New Funeral Plan Range

            BTWC launch new Funeral Plan range Estate Planning services professionals, Beneficial Trust & Will Company (BTWC), are very pleased to be launching their new funeral plan range in partnership with Silver Clouds Funeral Planning. The new range covers a multitude of client requirements and some of the plans can be tailored to suit more unique needs. Competitively priced to help clients implement an affordable solution for the future, the plans range from meeting basic requirements through to comprehensive needs. BTWC support their adviser members by providing a range of Will Writing and Estate Planning products and are pleased to be able to offer trusted and affordable Funeral Plans for advisers to offer their clients. Amy Peters, Operational Director at BTWC comments “As Estate Planning specialists, creating our own BTWC Funeral Plan with a trusted partner such as Silver Clouds means that advisers and their clients can rely on us for a comprehensive service offering everything they need in one place. Our Pre-Paid Funeral Plan options are reflective of our ethos of providing trusted, flexible products for advisers, supported by a strong professional service team who can help with any enquiry. This new range reflects our commitment to providing the right products in our offering.” The range provides flexible payment terms, no restrictions on health, age or medical history and also includes a ‘transfer’ option, meaning a plan can be applied to any family member, including children and grandparents.

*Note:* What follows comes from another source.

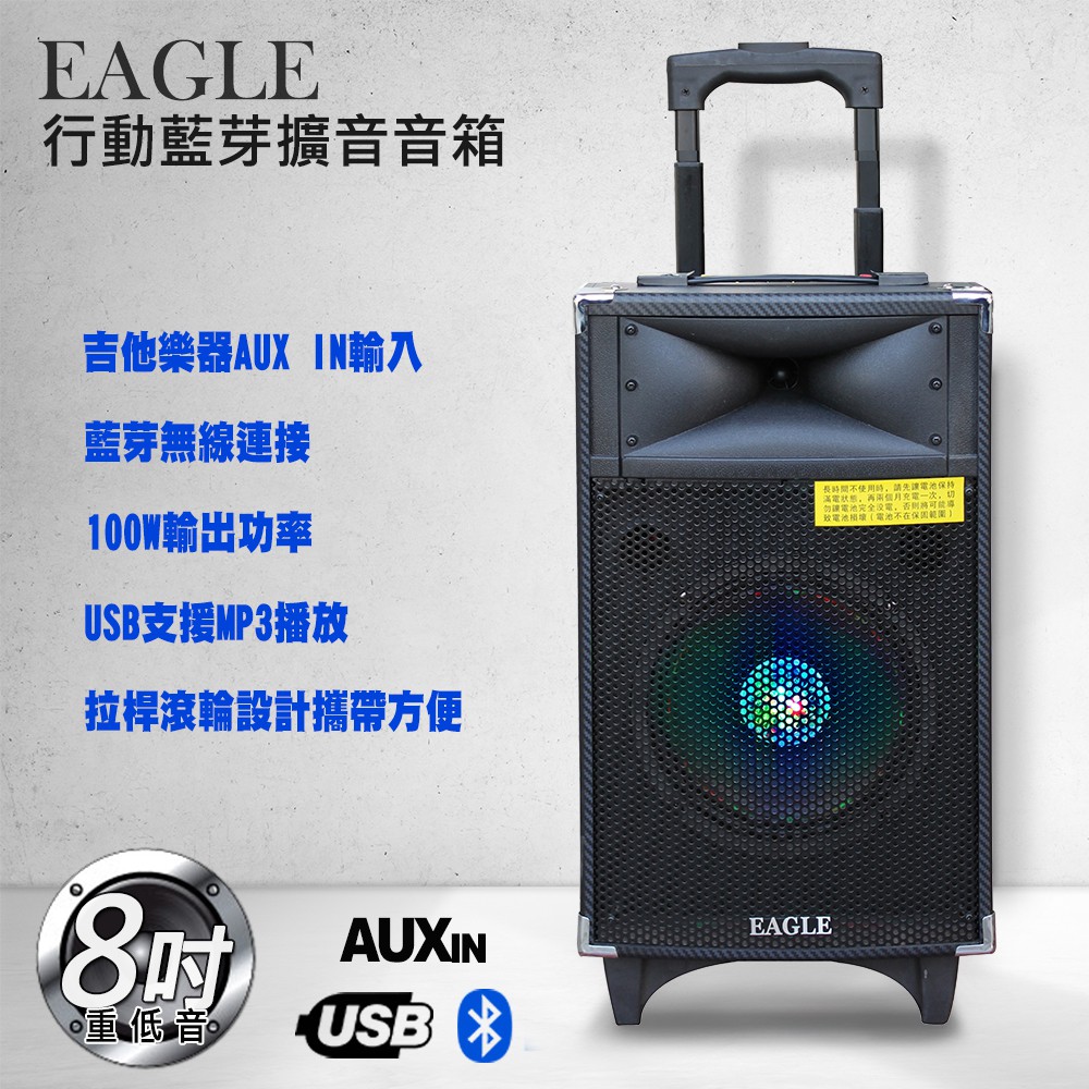 十倍蝦幣【EAGLE】大功率8吋拉桿式行動藍芽音箱 ELS-178 藍芽喇叭 有線無線版 街頭藝人吉他輸入展場叫賣唱歌ES-178/有線版|ES-178UB/無線版含無線麥克風*2Speakers【E-MAN】電氣男數位購物商城

The team at BTWC will provide support to advisers at any stage of the process to help provide their clients with the best solution for their needs. Silver Clouds Director John Graham, says “We are delighted to be working with BTWC in the provision of funeral plans to their clients.  BTWC are a well-established estate planning group with national coverage.  Together we have formulated a bespoke funeral plan proposition entirely white labelled to the BTWC brand which is both affordable and innovative whilst also being secure and compliant.  The feedback we have received so far has been encouraging and we expect sales to be strong.” You can see more details on the new Plans here. To find out more about BTWC’s Funeral Plans and other Estate Planning services just call  01522 500823 or email enquiries@btwc.co.uk.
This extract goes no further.